Si è da poco dimesso l’assessore leccese Giuseppe Ripa, l’esponente locale del PdL che aveva definito sulla sua bacheca facebook il governatore pugliese «la signorina Vendola». Aveva poi chiarito, provando a giustificarsi, come ricostruito anche dal blog de Linkiesta Vocedelsud, ma ottenendo l’effetto contrario: «in natura esistono solo due tipi di generi umani: l’uomo e la donna. Il resto viene classificato scientificamente come “turbe della psiche”». Ora la palla passa al sindaco Paolo Perrone, che – quasi sicuramente – accetterà le dimissioni del suo assessore, anche alla luce dell’imminente campagna elettorale per le comunali e della montante insofferenza verso le affermazioni del politico leccese, ormai degno suo malgrado della ribalta nazionale.
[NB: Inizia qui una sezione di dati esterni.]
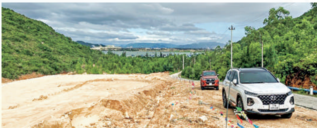
Bàn giao mặt bằng thi công tuyến đường Nhơn Hội - Nhơn Hải

2. Công trình Sửa chữa, nâng cấp tuyến đường Nhơn Hội - Nhơn Hải (đoạn từ Bãi Rỗi đến trạm bơm tăng áp Nhơn Hội), với chiều dài L = 1,590\text{m} , chiều rộng B = 13\text{m} , hiện đã hoàn tất các thủ tục đầu tư và bàn giao mặt bằng cho các đơn vị thi công, triển khai xây dựng tại hiện trường vào ngày 20/12/2022. Thời gian thi công hoàn thành: 10 tháng.
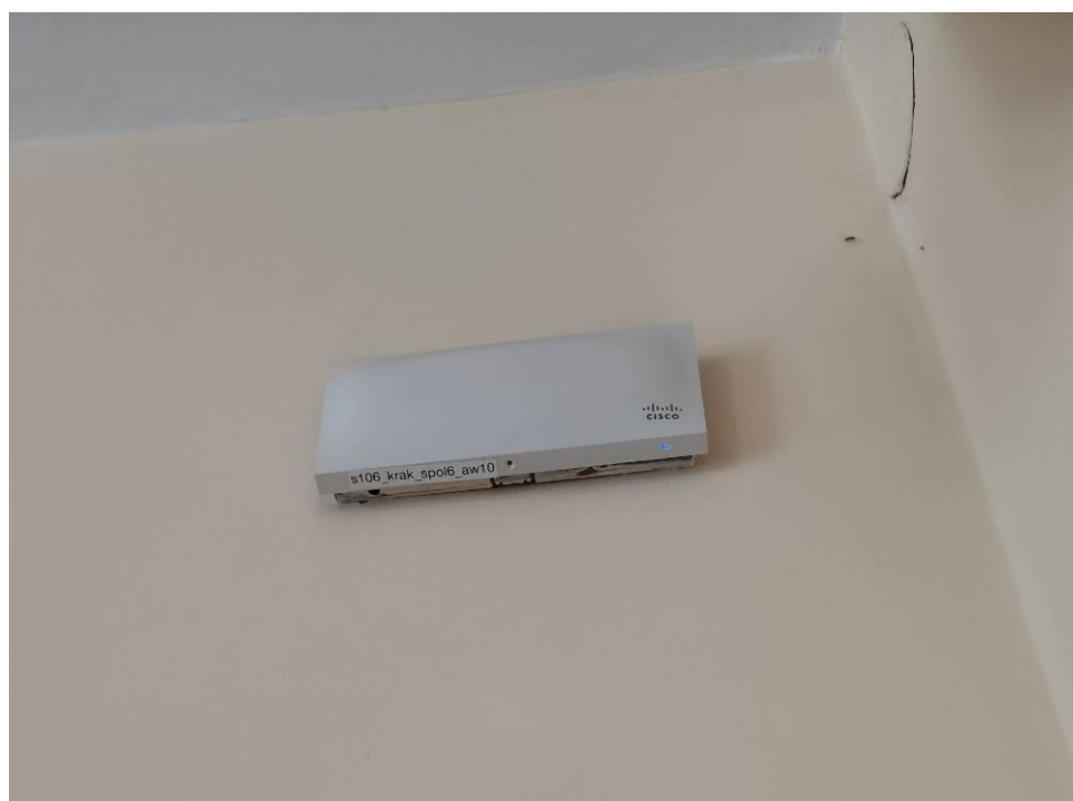
Fot. 2: Widok punktu dostępowego model MR52

Al notiziario dell’emittente locale TeleRama ha dichiarato:
Era doveroso sottrarre il sindaco e la maggiornaza a questo vero e proprio tribunale che si era scatenato nei miei confronti. Ribadisco le mie scuse per l’espressione usata ma non c’è dubbio che sul tema si è scatenata una feroce caccia all’uomo con polemiche strumentali del centrosinistra, che hanno distorto l’attenzione dal tema che avevo posto durante quella discussione, ovvero la sanità.
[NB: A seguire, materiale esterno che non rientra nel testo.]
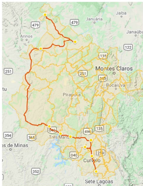
Figura 4. Esboço de rota literária rosiana por “marcos territoriais” do Museu Casa Guimarães Rosa.
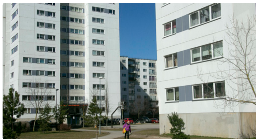
Raadiku munitsipaalkorterite elamurajoon.

Samuti on jätkuvalt tagatud linna eluruumi kasutamine sundüriks, eeldusel, et üürilepingu tingimused on täidetud. Nii sotsiaal- kui

Sullo sfondo le amministrative della prossima primavera. A sollevare la faccenda era stata la vice del Presidente della Regione, Loredana Capone, impegnata nelle primarie cittadine: dal suo profilo pubblico è infatti partita la campagna di indignazione. La testata 20centesimi.it aveva per prima ripreso l’accaduto, rilanciando in rete la notizia (che in breve campeggiava nelle home dei maggiori quotidiani nazionali, e finanche d’Oltralpe, Ivano Stelluto ne aveva scritto sul suo blog). Un altro dei tre candidati alle primarie del centrosinistra, Carlo Salvemini (esponente del movimento locale “la Puglia per Vendola”) aveva promosso nelle scorse ore una petizione per le dimissioni dell’assessore alla mobilità, protocollate stamane negli uffici di Palazzo Carafa, sede municipale.
Una vittoria della mobilitazione in rete, ovvio, di quella che il malcapitato definisce “la gogna mediatica”. Eppure indignarsi serve, dicono in tanti. Una perplessità di fondo resta: perchè non avviene lo stesso coi tanti casi di mala gestio della pubblica amministrazione? Molto si potrebbe imparare dalla vicenda, quasi una parabola sul ruolo decisivo dei social media. Basta forse una massima austiniana, per cavarsela in maniera brillante: “le parole fanno le cose”, citata – oltre che nei manuali univeristari di filosofia del diritto – nel testo “La manomissione delle parole” di Gianrico Carofiglio. Sulle tante storie del barocco leccese torneremo presto: meritano davvero il nostro approfondimento.